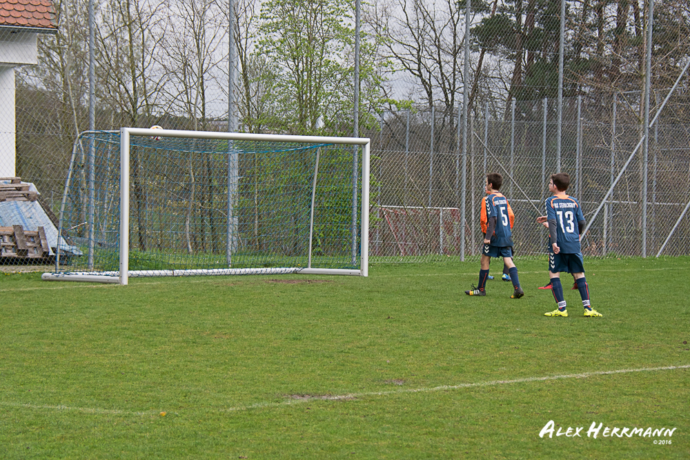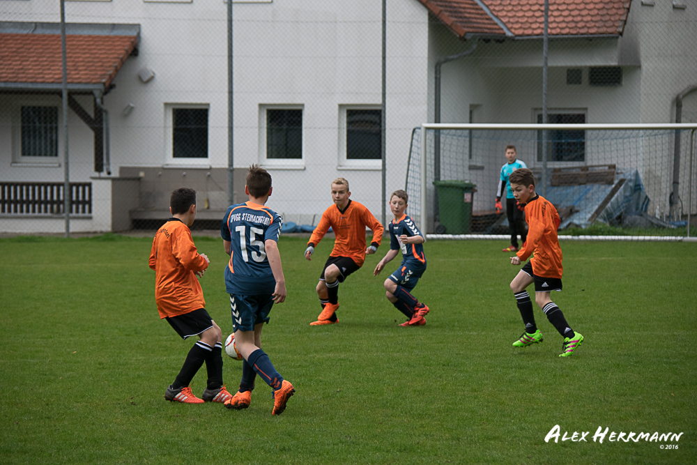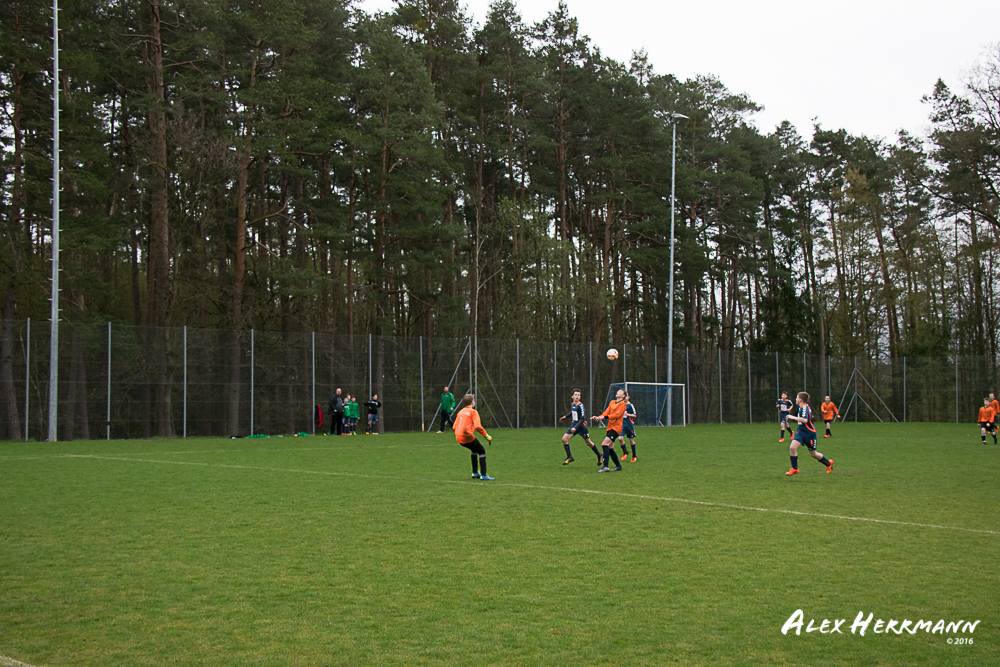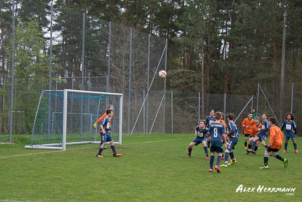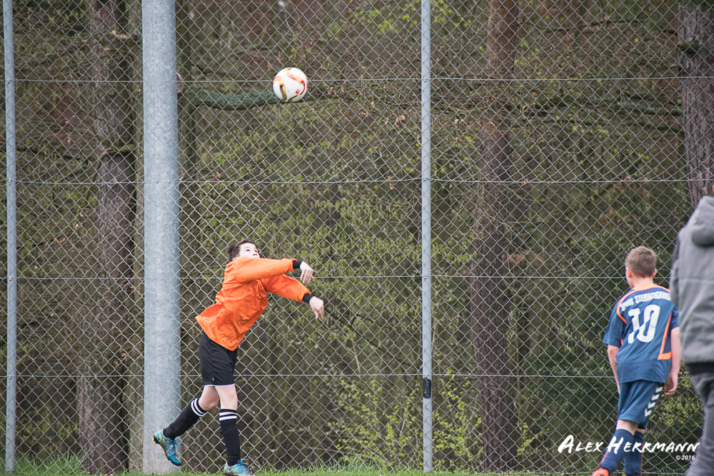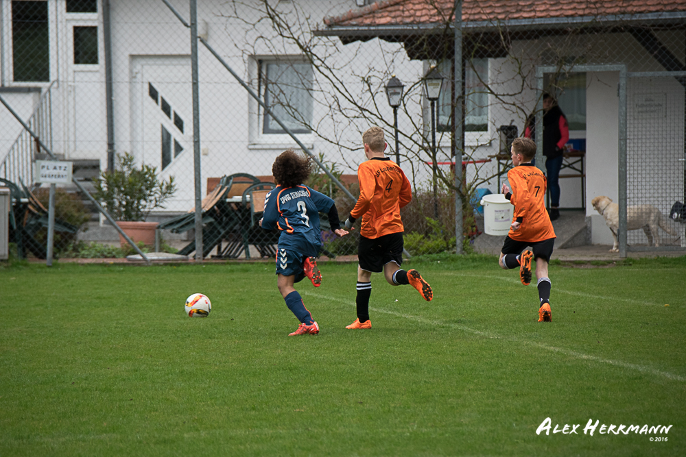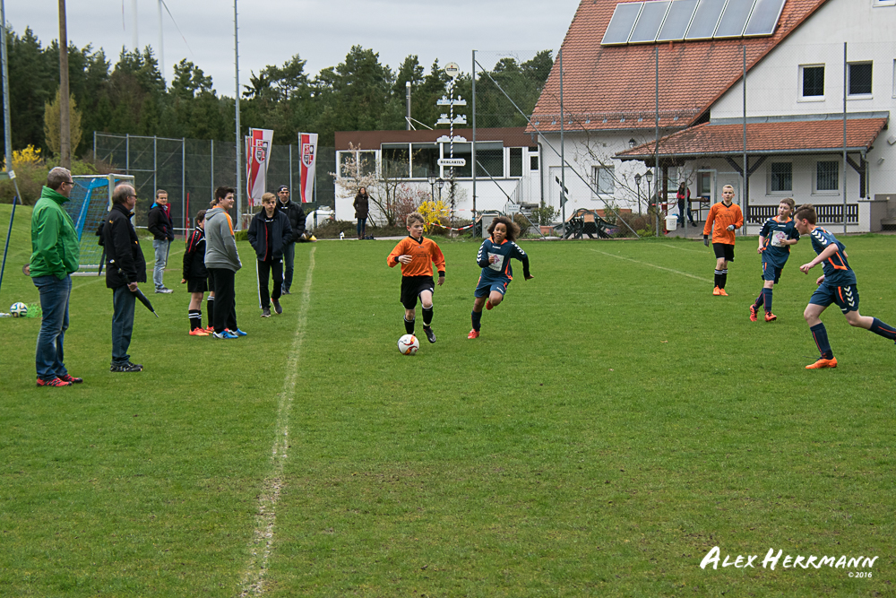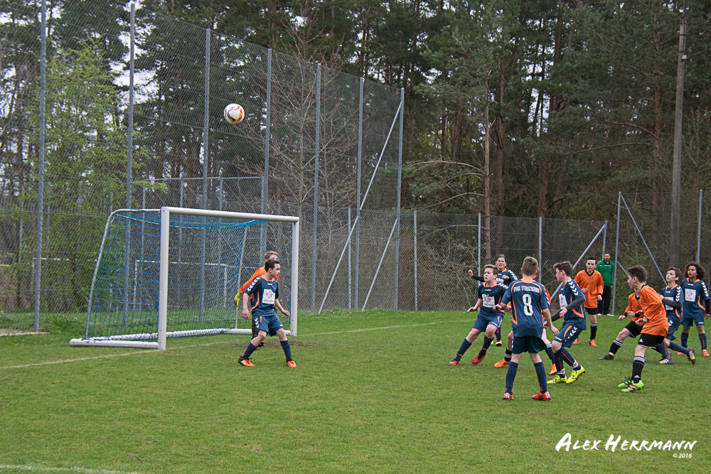 Es hat einfach nicht sein sollen. Trotz gefühlten 25:3 Torchancen konnten wir das heutige Spitzenspiel gegen den bis dahin Tabellenzweiten aus Gutenstetten (SpVgg Steinachgrund) nicht gewinnen und mussten uns mit einem 1:1 Unentschieden begnügen.Es fing alles so gut an. Der Regen hatte aufgehört und wir konnten durch einen tollen Schuß von Kimi schnell mit 1:0 in Führung gehen. Zwei, Drei weitere super Chancen landeten entweder an Latte oder Pfosten oder wir scheiterten am super aufgelegten Gästetorhüter. Der erste Angriff der Gästemannschaft war dann auch gleich ein Tor. Unser Torwart Benni konnte den Ball nicht sicher festhalten und somit stand es 1:1. Wir erspielten uns Chance um Chance, aber es wollte einfach der Ball nicht ins Netz gehen. Weitere 4 Aluminiumtreffer und der Gästetorwart verhinderten unsere Führung. Dann kurz vor dem Halbzeitpfiff, hatten wir noch die Gelegenheit, mit einem Elfmeter die Führung zu erzielen. Aber heute hat es einfach nicht sein sollen und Anton scheiterte am Gästekeeper. Somit stand es zur Halbzeit 1:1. Leider wendte sich das Blatt auch in der zweiten Halbzeit nicht. Wir erspielten uns Chance über Chance und scheiterten am Aluminium oder am gut aufgelegten Gästekeeper. Die Truppe hat alles gegeben und einfach kein Glück gehabt. Vielen Dank an alle für Ihren tollen Einsatz und immerhin konnten wir unser Serie weiter ausbauen. Bisher haben wir noch kein Punktspiel in dieser Saison verloren. Weiter so – Jungs und Sarah!
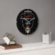 Any name custom motorcycle repairs clock with mechanic skull, tools and white and orange text inside a crest. Just pick your style, size and colour.
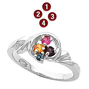 Magic Circle Sterling Silver Mother's Ring with 4 simulated birthstones
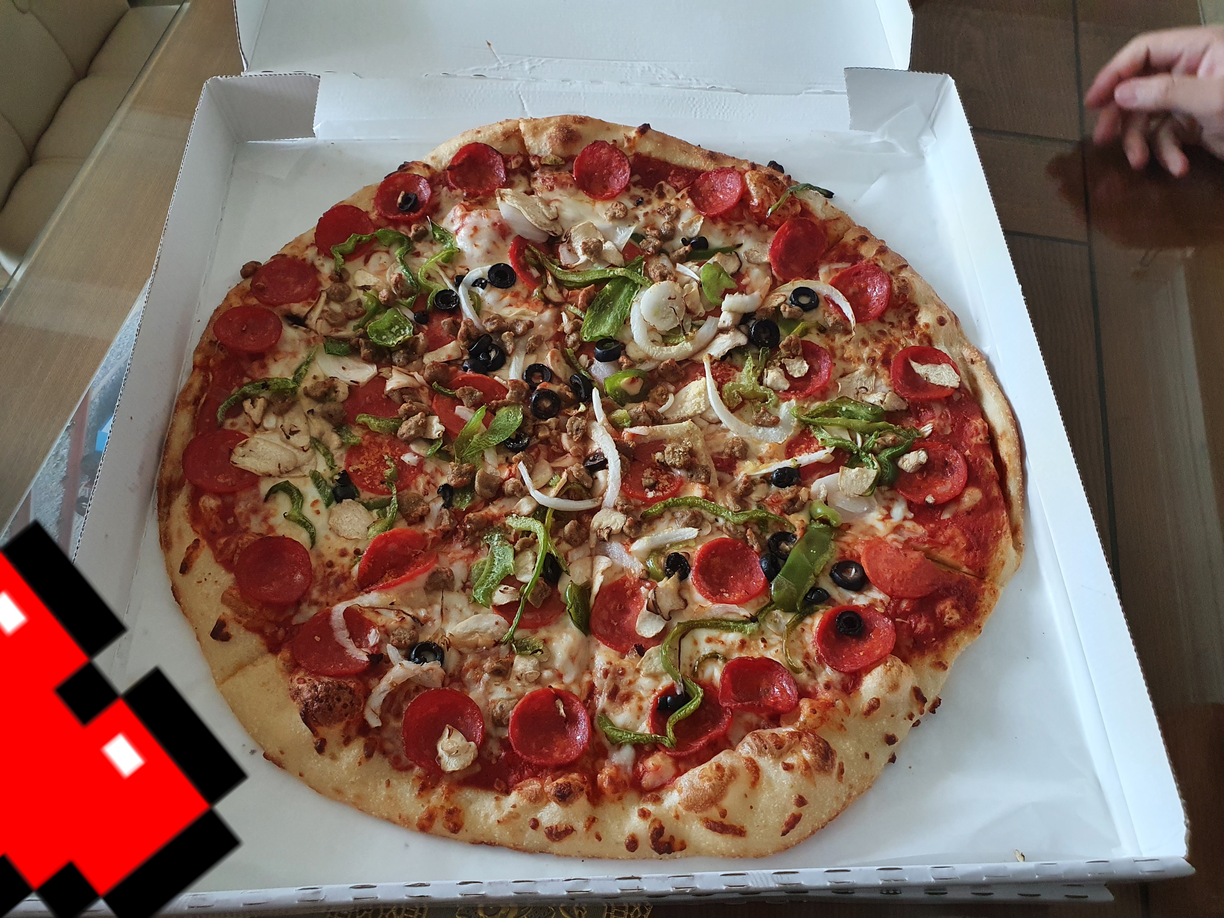 콤비네이션 피자입니다. 페퍼로니가 꽤 많이 들어 있고 버섯, 양파, 피망 등 기본적인 콤비네이션 피자에 들어 있는 기본 재료가 충실하게 들어가 있습니다. 도우는 적당한 두께이고 모서리 부분은 호불호가 있겠지만 디핑소스가 있으면 좋을 것 같네요.
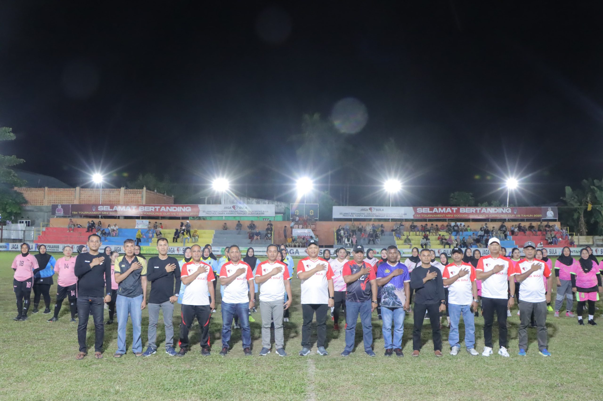 Kepolisian Resor Kepulauan Sula menggelar pertandingan bola dangdut dalam rangka memeriahkan menjelang Hari Ulang Tahun (HUT) Ke-79 yang berlangsung di lapangan bola Gelora Bhayangkara Kesatriaan mako Polres Sula, Minggu malam (15/6/2025).
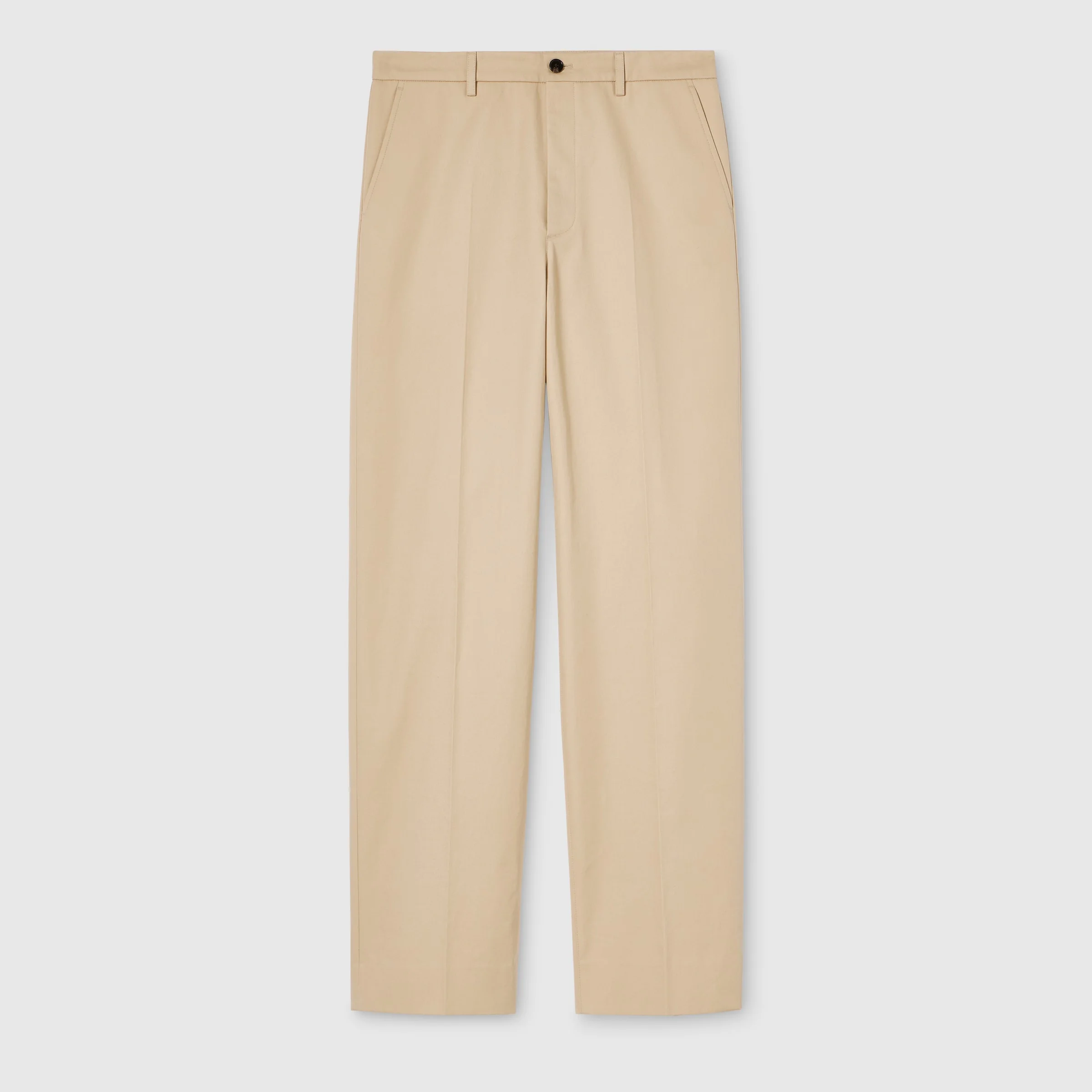 Introducing Spring Summer 2026. This style is part of the La Famiglia collection, which reinterprets the House’s codes through singular personalities and distinctive aesthetic attitudes. Crafted from cotton twill, this pair of pants is enriched with a Gucci crest embroidery. - Sand cotton twill - Gucci crest embroidery - Belt loops - Side and back pockets - Front button and zip closure - Length: 46.4"; Leg opening: 9.8", based on a size 44(IT) - Made in Italy - Fabric: 100% Cotton - Pocket lining: 100% Cotton - Embroidery: 100% Polyester
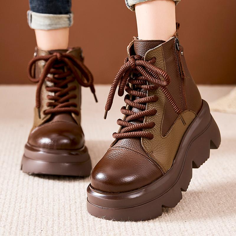 Модные ботильоны GKTINOO из натуральной кожи с круглым носком, на толстой подошве, на плоской платформе, женская обувь, осень-зима, ретро, ручная работа, короткие ботинки
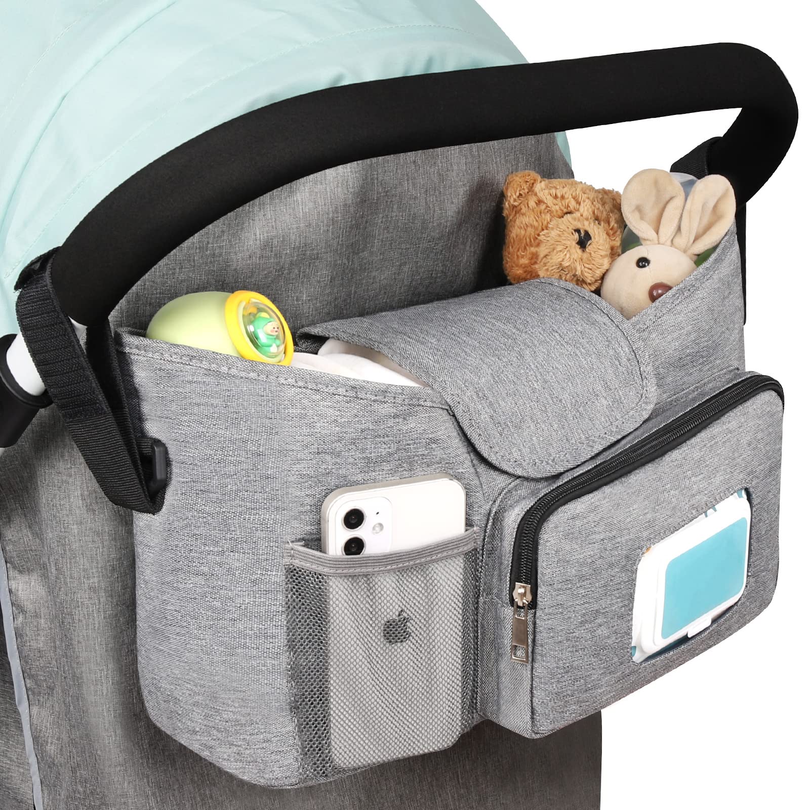 Accmor Universal Stroller Organizer with Insulated Cup Holder, Stroller Caddy Bag Accessories, Stroller Cup Holder Organizer for Uppababy Baby Jogger Britax Stroller, Grey

————

WORK REQUEST:
Your copy should match the records above word for word, but without images.

OUTPUT OF THE TASK:
 Es hat einfach nicht sein sollen. Trotz gefühlten 25:3 Torchancen konnten wir das heutige Spitzenspiel gegen den bis dahin Tabellenzweiten aus Gutenstetten (SpVgg Steinachgrund) nicht gewinnen und mussten uns mit einem 1:1 Unentschieden begnügen.Es fing alles so gut an. Der Regen hatte aufgehört und wir konnten durch einen tollen Schuß von Kimi schnell mit 1:0 in Führung gehen. Zwei, Drei weitere super Chancen landeten entweder an Latte oder Pfosten oder wir scheiterten am super aufgelegten Gästetorhüter. Der erste Angriff der Gästemannschaft war dann auch gleich ein Tor. Unser Torwart Benni konnte den Ball nicht sicher festhalten und somit stand es 1:1. Wir erspielten uns Chance um Chance, aber es wollte einfach der Ball nicht ins Netz gehen. Weitere 4 Aluminiumtreffer und der Gästetorwart verhinderten unsere Führung. Dann kurz vor dem Halbzeitpfiff, hatten wir noch die Gelegenheit, mit einem Elfmeter die Führung zu erzielen. Aber heute hat es einfach nicht sein sollen und Anton scheiterte am Gästekeeper. Somit stand es zur Halbzeit 1:1. Leider wendte sich das Blatt auch in der zweiten Halbzeit nicht. Wir erspielten uns Chance über Chance und scheiterten am Aluminium oder am gut aufgelegten Gästekeeper. Die Truppe hat alles gegeben und einfach kein Glück gehabt. Vielen Dank an alle für Ihren tollen Einsatz und immerhin konnten wir unser Serie weiter ausbauen. Bisher haben wir noch kein Punktspiel in dieser Saison verloren. Weiter so – Jungs und Sarah!
 Any name custom motorcycle repairs clock with mechanic skull, tools and white and orange text inside a crest. Just pick your style, size and colour.
 Magic Circle Sterling Silver Mother's Ring with 4 simulated birthstones
 콤비네이션 피자입니다. 페퍼로니가 꽤 많이 들어 있고 버섯, 양파, 피망 등 기본적인 콤비네이션 피자에 들어 있는 기본 재료가 충실하게 들어가 있습니다. 도우는 적당한 두께이고 모서리 부분은 호불호가 있겠지만 디핑소스가 있으면 좋을 것 같네요.
 Kepolisian Resor Kepulauan Sula menggelar pertandingan bola dangdut dalam rangka memeriahkan menjelang Hari Ulang Tahun (HUT) Ke-79 yang berlangsung di lapangan bola Gelora Bhayangkara Kesatriaan mako Polres Sula, Minggu malam (15/6/2025).
 Introducing Spring Summer 2026. This style is part of the La Famiglia collection, which reinterprets the House’s codes through singular personalities and distinctive aesthetic attitudes. Crafted from cotton twill, this pair of pants is enriched with a Gucci crest embroidery. - Sand cotton twill - Gucci crest embroidery - Belt loops - Side and back pockets - Front button and zip closure - Length: 46.4"; Leg opening: 9.8", based on a size 44(IT) - Made in Italy - Fabric: 100% Cotton - Pocket lining: 100% Cotton - Embroidery: 100% Polyester
 Модные ботильоны GKTINOO из натуральной кожи с круглым носком, на толстой подошве, на плоской платформе, женская обувь, осень-зима, ретро, ручная работа, короткие ботинки
 Accmor Universal Stroller Organizer with Insulated Cup Holder, Stroller Caddy Bag Accessories, Stroller Cup Holder Organizer for Uppababy Baby Jogger Britax Stroller, Grey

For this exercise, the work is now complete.